No estoy segura, según el día, de si tendrán alma los animales. Cuando jugaba con Elsa y con Lola, mis perrillas, me sentía tan compenetrada con ellas, las entendía tan bien…

Algunos compañeros de esta «escuela» dicen que lo que tienen son sentimientos, pero que pensar no piensan. No sé yo qué decir a eso, la verdad, porque en ocasiones la única que tenía una buena idea en una tarde gris era la perra.

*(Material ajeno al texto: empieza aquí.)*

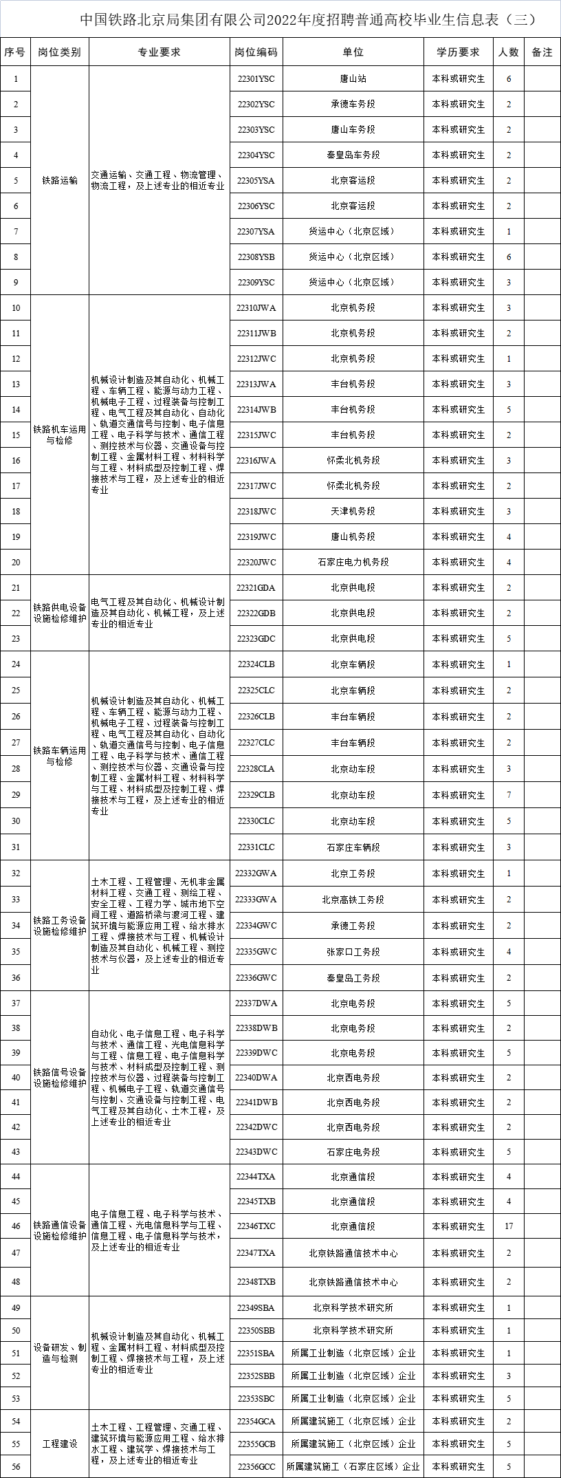 中国铁路北京局集团有限公司2022年度招聘普通高校毕业生公告 中国铁路北京局集团有限公司根据企业发…
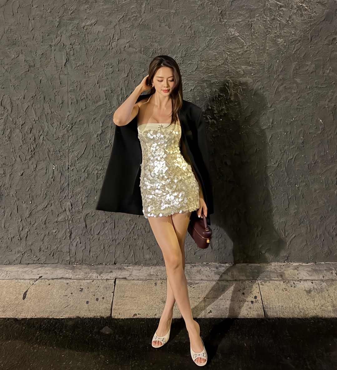 Bên cạnh đó, tại sự kiện, chị gái của Thiều Bảo Trâm cũng nhận nhiều lời khen khi diện outfit đơn giản nhưng tinh tế: áo trắng dáng ôm kết hợp cùng chân váy màu vàng nhẹ nhàng, tạo cảm giác thanh lịch nhưng vẫn trendy. Set đồ này không quá nổi bật giữa dàn khách mời, song lại ghi điểm ở sự chỉn chu, phù hợp với không khí nữ tính của sự kiện. Thiết kế ôm nhẹ giúp tôn lên vòng eo thon gọn, trong khi phần váy ngắn khéo léo khoe đôi chân dài - lợi thế hình thể vốn là “thương hiệu” của Thiều Bảo Trang.
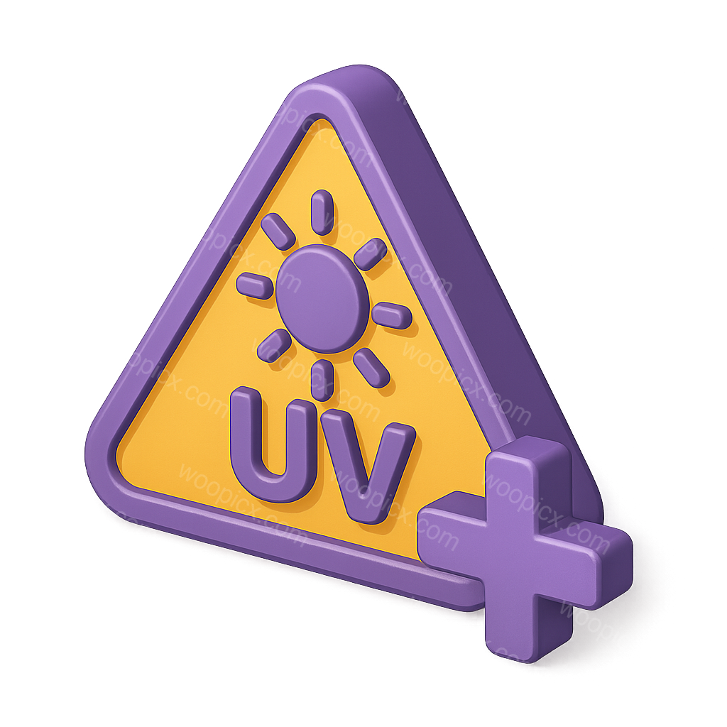 This image features a vibrant 3D icon representing ultraviolet light, designed in a triangular shape with a sun symbol and a plus sign, emphasizing UV awareness.

Pero sí, posiblemente se refieran a que no se paran a dilucidar sobre el funcionamiento de los motores o sobre si el universo se creó por casualidad o existe una explicación lógica para que tantas casualidades se den al unísono.

Aunque eso no quita, digo yo, para que mis chicas, que ya no están conmigo, tengan un almita, aunque no sea igualita que la mía. Si en realidad, todo lo que existe está unido por una fuerza creadora, si de verdad, todos somos de una misma pasta con distintas formas, entonces Elsa y Lola están aquí, están en mi, siguen ahí, en cierto modo, y a eso yo le voy a llamar tener almita.

Y, vamos a ser valientes, ¿por qué no va a ser así? Si con algunas personas, como mis hijos, mi marido, mi mejor amigo, y a veces hasta mi perro me siento sola, y si otras veces me siento una con la música que escucho, una con el sol que siento en la piel, una con la Tierra que se mueve y me mueve… seamos valientes, por qué no voy a ser una contigo, con todos vosotros, con todos los hombres.